§ TASK TO COMPLETE: Once "In her speech, Secretary" turns up in a line below, reproduce that line and those after it exactly, stopping after the line with "Edad: +0 meses"; leave pictures out.

============

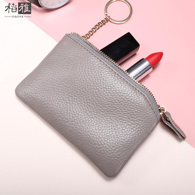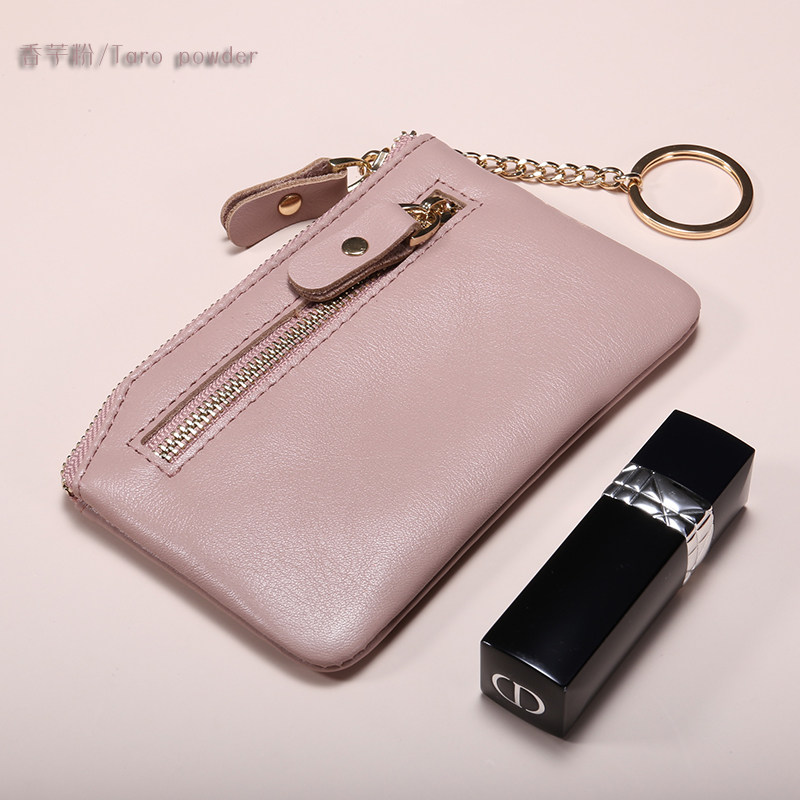 Leather coin purse women's small mini leather short double zipper key simple small wallet coin small coin pocket
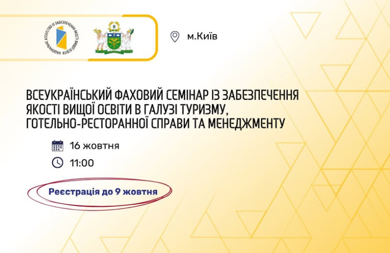 Національне агентство проводить Всеукраїнський фаховий семінар із забезпечення якості вищої освіти в галузі туризму, готельно-ресторанної справи та менеджменту у партнерстві з Державним торговельно-економічним університетом (м. Київ).
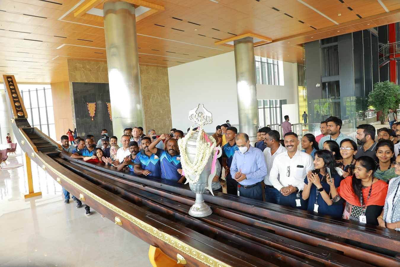 At the Champakulam Moolam Boat Race held on July 12, the Kerala Police Boat Race team won the Raja Pramukhan Trophy atop the latest generation Champakulam Chundan boat. In recognition of the winning team’s appreciation and gratitude, and on the invitation from UST, the Kerala Police Boat Race team, the rowers of the Champakulam Chundan, visited the old Chundan adorning the UST campus Thiruvananthapuram campus.
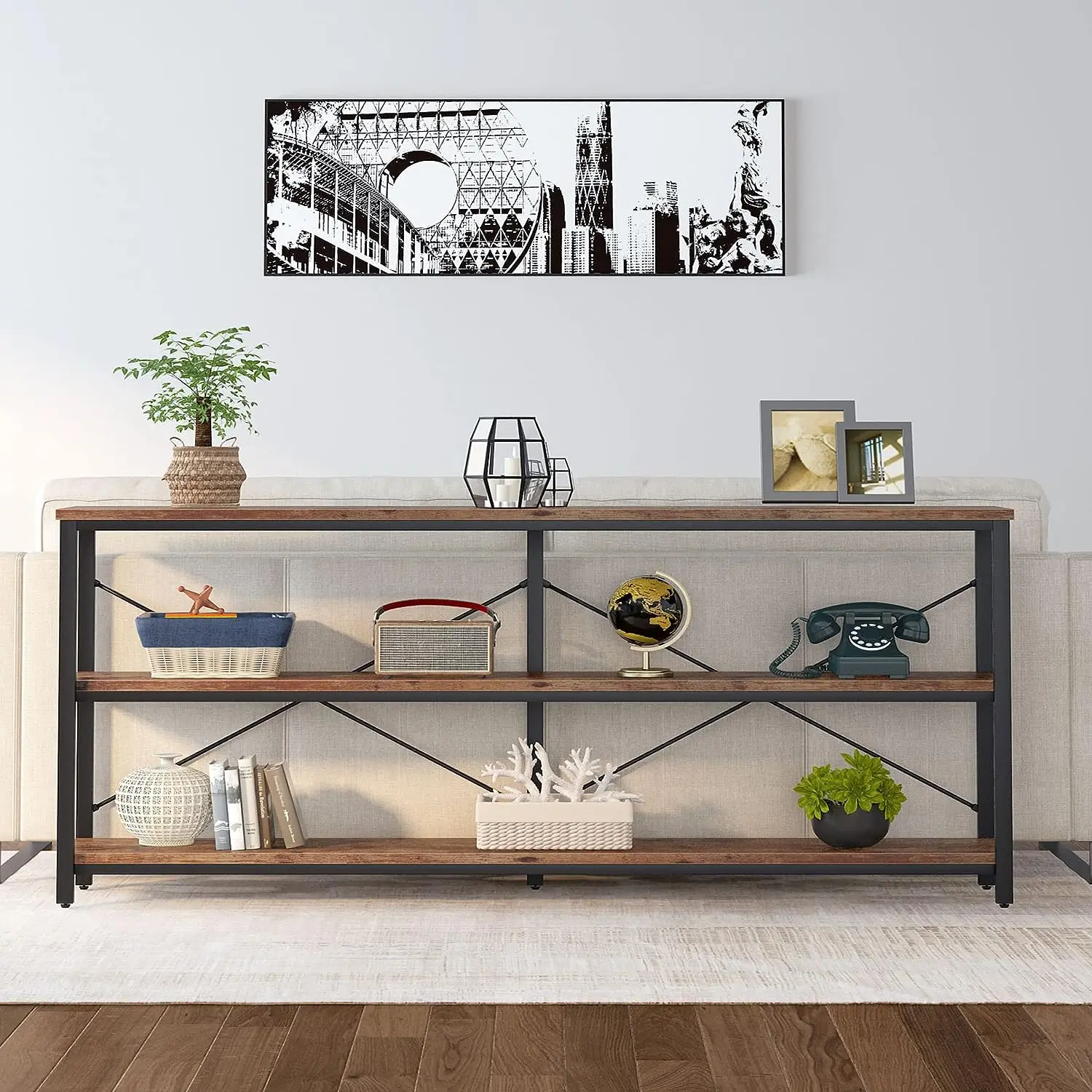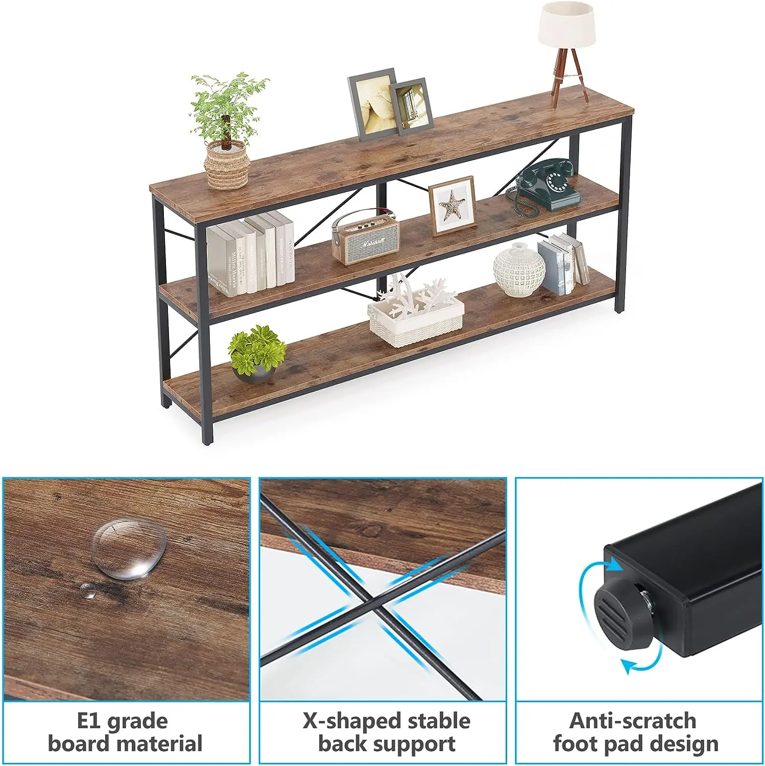 71 Inch Extra Long Sofa Table with 3-Tier Storage Shelves, the perfect addition to elevate your living space. Crafted with superior quality, this functional and stylish sofa table combines a sleek design with ample storage capacity, making it a must-have for any modern home.
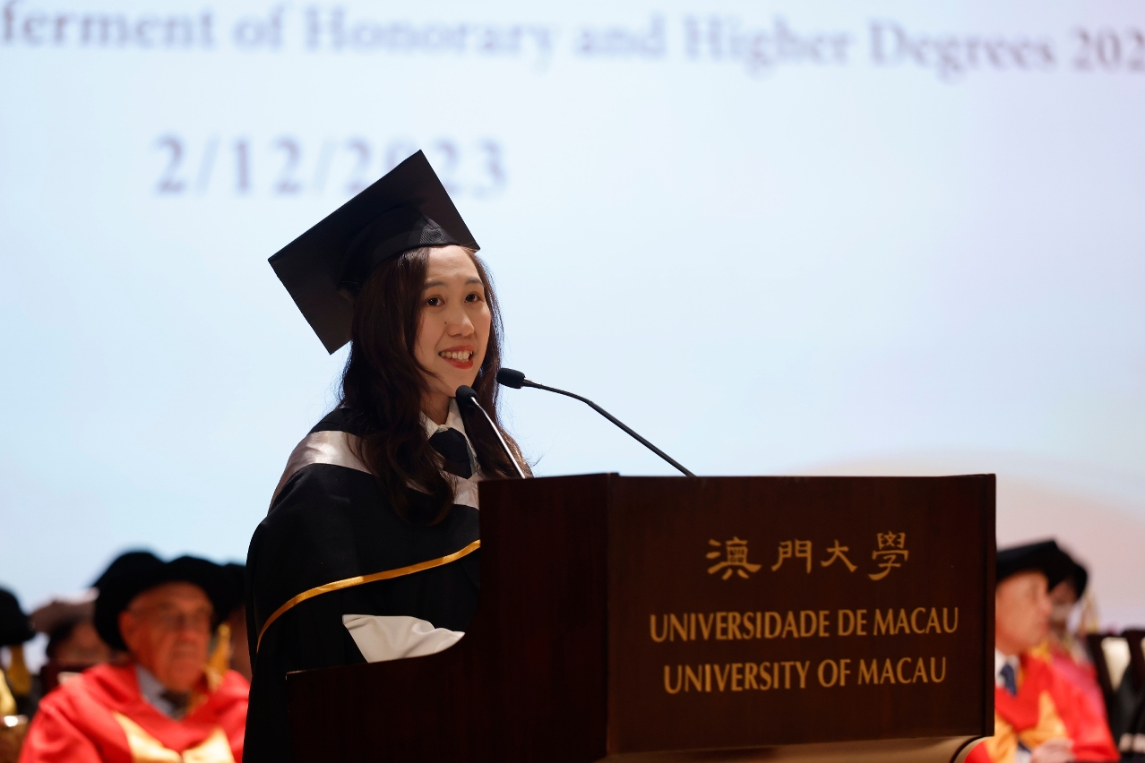 In her speech, Secretary Ao Ieong said that UM has actively implemented the higher education policies of the Macao SAR Government. The university has continuously improved the quality of its faculty, teaching, and research, and achieved significant results in expanding regional and international cooperation, fostering research innovation, and promoting industry-academia collaboration. As a result, UM’s international reputation has been growing steadily. It is worth noting that UM has made an impressive debut in the Times Higher Education World University Rankings 2024, securing the 193rd position and placing it among the top 200 universities worldwide. The Macao SAR Government will support local public institutions, including UM, to explore favourable development opportunities in the Guangdong-Macao In-depth Cooperation Zone in Hengqin, and further support higher education to replenish the talent pool for the development of key industries in Macao. She also encouraged the graduates to demonstrate their love and commitment to the country and Macao, and put into practice UM’s motto ‘humanity, integrity, propriety, wisdom, and sincerity’, so as to contribute their wisdom and strength to the robustness of the ‘One Country, Two Systems’ policy, the great rejuvenation of the Chinese nation, and the advancement of human civilisation.
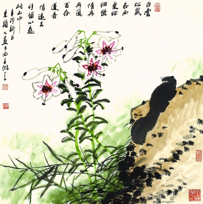 这些作品以朴素真挚的艺术语言,描绘了人民群众火热的社会生活和昂扬奋进的精神面貌,丹青笔墨寓深情,山水花鸟颂盛世,唱响了共产党好、社会主义好、改革开放好的时代主旋律。
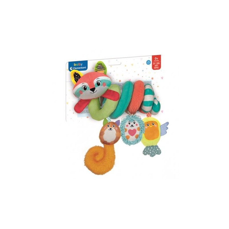 Edad: +0 meses Simpático mapache con amigos del bosque que forman un suave colgador en espiral, para entretener y divertir a tu peque gracias a los diferentes materiales y los sonajeros de los colgantes.
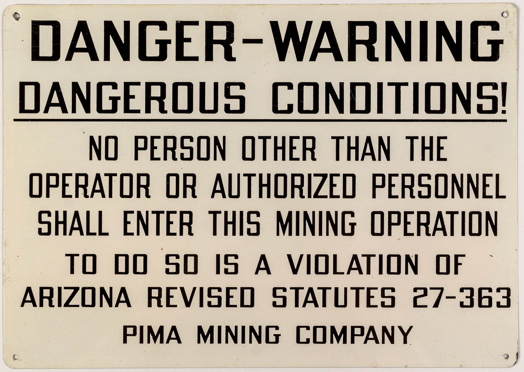 Black printing on white enamel. "DANGER-WARNING / dangerous conditions / no person other than the / operator or authorized personnel/ shall enter this mining operation / to do so is a violation of / Arizona revised statutes 27-363 / Pima Mining Company. 14 x 10 inches.
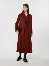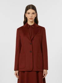 DETAILS Single-breasted blazer featuring a semi-fitted silhouette. Lightweight zibeline baby camel drap blazer Lapel collar and set-in sleeves with buttoned cuffs Two-button front fastening Chest pocket and low patch pockets Lined in Monogram jacquard fabric Centre slit on the back Embellished with tailored pick stitch COMPOSITION AND CARE Fabric 100% camelwool; lining 65% acetate, 35% polyester. Do not wash; do not bleach; do not tumble dry; cool iron; professionally dry clean perchloroethylene - mild process; do not wet clean.; do not iron the buttons.; protect buttons before washing.; contains non-textile parts of animal origin. Distributed by Max Mara S.r.l., registered office in Reggio Emilia (Italy), Via Giulia Maramotti 4, 42124 (IT)
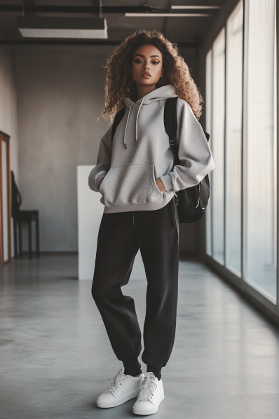 This casual date night outfit is all about comfort without sacrificing style. A cozy gray hoodie pairs perfectly with relaxed black joggers, creating a sporty yet laid-back vibe. White sneakers keep the look fresh, while a black backpack adds a practical touch, making it an ideal choice for a casual hangout or a low-key outdoor date.

============

§ WRITTEN RESPONSE:
 In her speech, Secretary Ao Ieong said that UM has actively implemented the higher education policies of the Macao SAR Government. The university has continuously improved the quality of its faculty, teaching, and research, and achieved significant results in expanding regional and international cooperation, fostering research innovation, and promoting industry-academia collaboration. As a result, UM’s international reputation has been growing steadily. It is worth noting that UM has made an impressive debut in the Times Higher Education World University Rankings 2024, securing the 193rd position and placing it among the top 200 universities worldwide. The Macao SAR Government will support local public institutions, including UM, to explore favourable development opportunities in the Guangdong-Macao In-depth Cooperation Zone in Hengqin, and further support higher education to replenish the talent pool for the development of key industries in Macao. She also encouraged the graduates to demonstrate their love and commitment to the country and Macao, and put into practice UM’s motto ‘humanity, integrity, propriety, wisdom, and sincerity’, so as to contribute their wisdom and strength to the robustness of the ‘One Country, Two Systems’ policy, the great rejuvenation of the Chinese nation, and the advancement of human civilisation.
 这些作品以朴素真挚的艺术语言,描绘了人民群众火热的社会生活和昂扬奋进的精神面貌,丹青笔墨寓深情,山水花鸟颂盛世,唱响了共产党好、社会主义好、改革开放好的时代主旋律。
 Edad: +0 meses Simpático mapache con amigos del bosque que forman un suave colgador en espiral, para entretener y divertir a tu peque gracias a los diferentes materiales y los sonajeros de los colgantes.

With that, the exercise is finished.